Information provided –
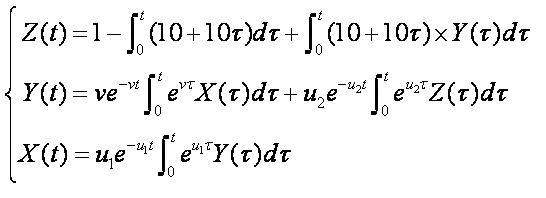 X,Y,Z为待求表达式(将来包含自变量t的X,Y,Z表达式求解出来以后,会把自变量t的值带进去,以便观察X,Y,Z的取值变化)。U1,U2,V都是一个定值。 尝试在matlab里面求解积分方程,可惜matlab也不是很精通阿,总是解不出来。哪位达人能帮忙把这个积分方程组用matlab求解出来最好(没有解析表达式的话,数值解也可以。例如可以把t(0 |
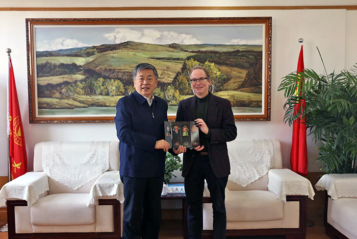 11月18日上午,美国西北大学Gerald Jeffrey Snyder教授聘任仪式在迎西校区办公主楼324会议室举行。校长黄庆学、副校长吕永康出席聘任仪式。仪式由吕永康主持。
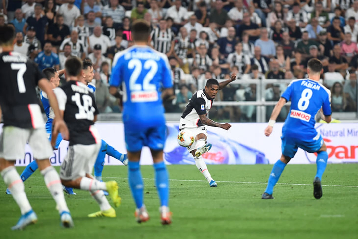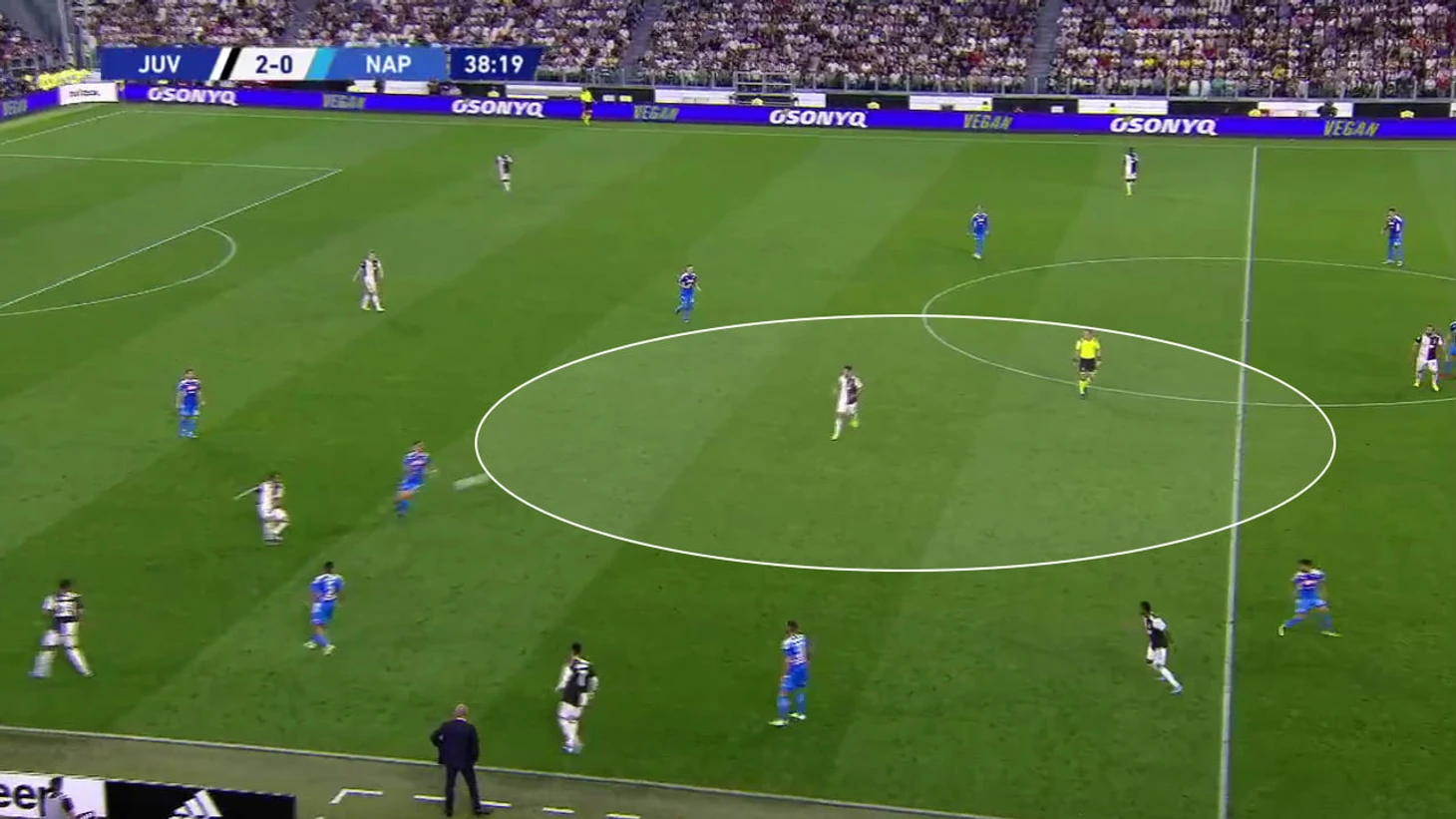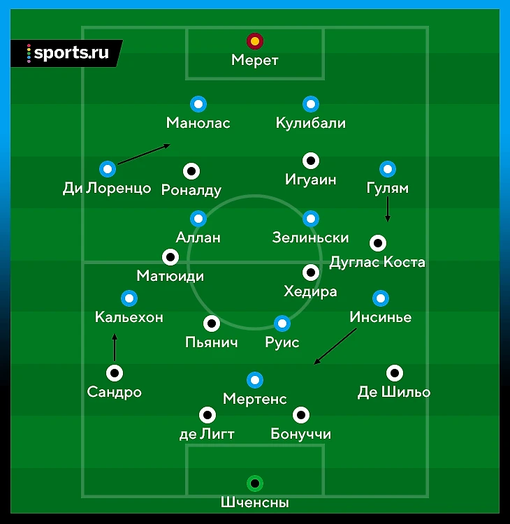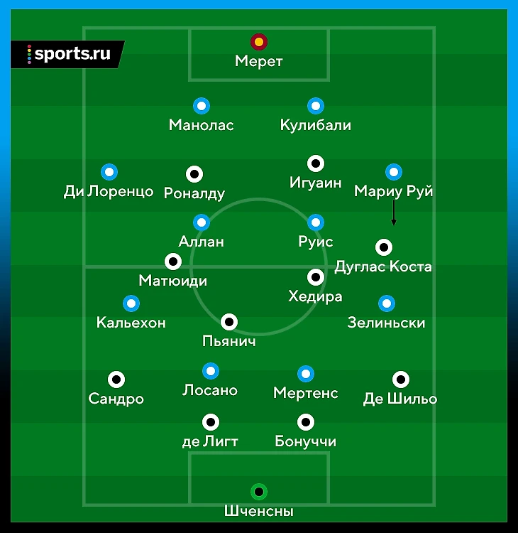 В атаке «Юве» использовал схему 4-3-3, что давало им преимущество в центре поля (3-в-2 – Пьянич, Хедира, Матюиди против Аллан и Зелиньского). Треугольник хозяев всегда грамотно располагался и растягивал опорников соперника.
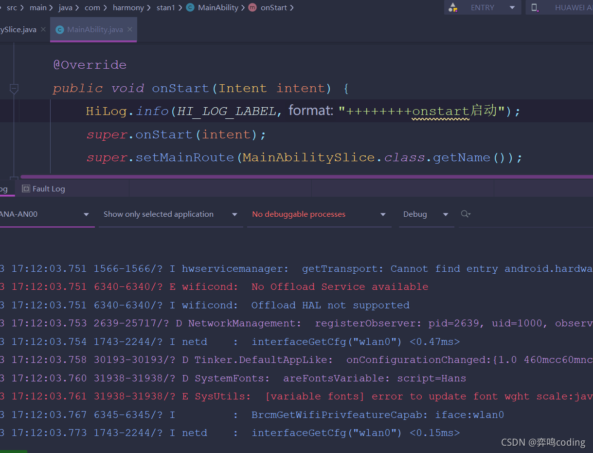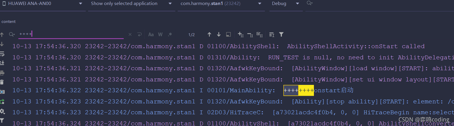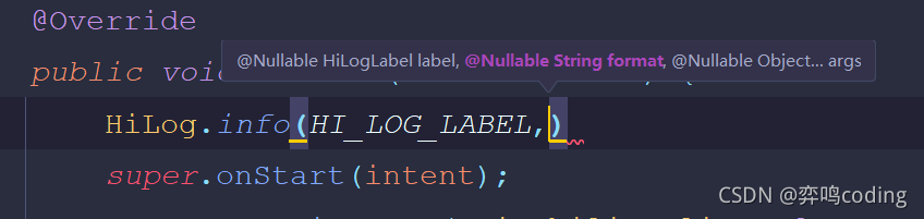 我们有了HI_LOG_LABEL这个常量后,就可以打印日志了,在onStart方法启动时就能够输出一个日志

Assignment – Leave out the pictures and return the listing exactly.

Solution –
 X,Y,Z为待求表达式(将来包含自变量t的X,Y,Z表达式求解出来以后,会把自变量t的值带进去,以便观察X,Y,Z的取值变化)。U1,U2,V都是一个定值。 尝试在matlab里面求解积分方程,可惜matlab也不是很精通阿,总是解不出来。哪位达人能帮忙把这个积分方程组用matlab求解出来最好(没有解析表达式的话,数值解也可以。例如可以把t(0 |
 11月18日上午,美国西北大学Gerald Jeffrey Snyder教授聘任仪式在迎西校区办公主楼324会议室举行。校长黄庆学、副校长吕永康出席聘任仪式。仪式由吕永康主持。
 В атаке «Юве» использовал схему 4-3-3, что давало им преимущество в центре поля (3-в-2 – Пьянич, Хедира, Матюиди против Аллан и Зелиньского). Треугольник хозяев всегда грамотно располагался и растягивал опорников соперника.
 我们有了HI_LOG_LABEL这个常量后,就可以打印日志了,在onStart方法启动时就能够输出一个日志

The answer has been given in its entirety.